A significant shift is underway in the U.S. housing market as nearly one-third of the 100 largest metropolitan areas now report annual home price declines of at least one percentage point. This trend is driven by a combination of factors including persistent high mortgage rates, increasing housing inventory, and weakening buyer demand.
In June, annual home price growth slowed to just 1.3%, down from 1.6% the previous month, the lowest pace in two years. While single-family home prices still managed to rise slightly by 1.6%, condominium values dropped 1.4% nationwide, highlighting the uneven nature of the market’s performance.
The housing inventory has grown by 29% year-over-year as of June, marking a notable uptick in supply. However, the rate of growth has started to cool since the spring. Meanwhile, the average 30-year fixed mortgage rate has remained in the high 6% range for most of the year, more than double what was seen during the pandemic boom.

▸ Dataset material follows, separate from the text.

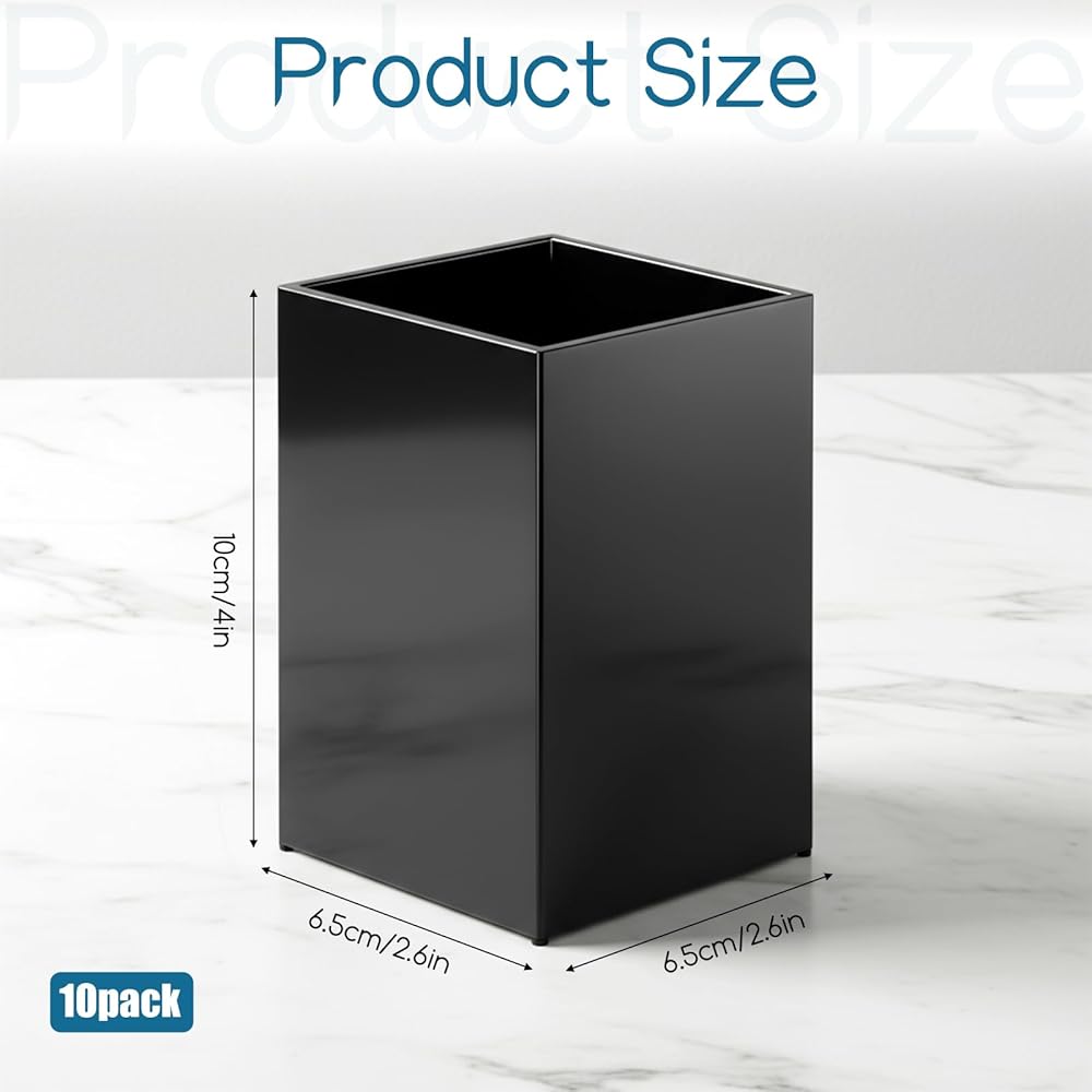 Package Contents: You will receive 10 black acrylic pen holders, each measuring 2.6 x 2.6 x 4 in / 6.5 x 6.5 x 10 cm. These desk pen holders are sufficient for your daily use and replacement needs, and are also great for sharing

Market experts suggest that homeowners may become increasingly hesitant to list their properties due to slower sales and declining prices in many areas. This caution could reduce the influx of new listings, further complicating the supply-demand balance.
Regionally, the Northeast and Midwest are still seeing strong price gains, contrasting with the softening markets in the South and West. Cape Coral, Florida, has experienced the steepest drop, with home prices falling over 9% from recent highs. Other major metros such as Austin, Tampa, and seven of the ten largest California markets have also reported price declines.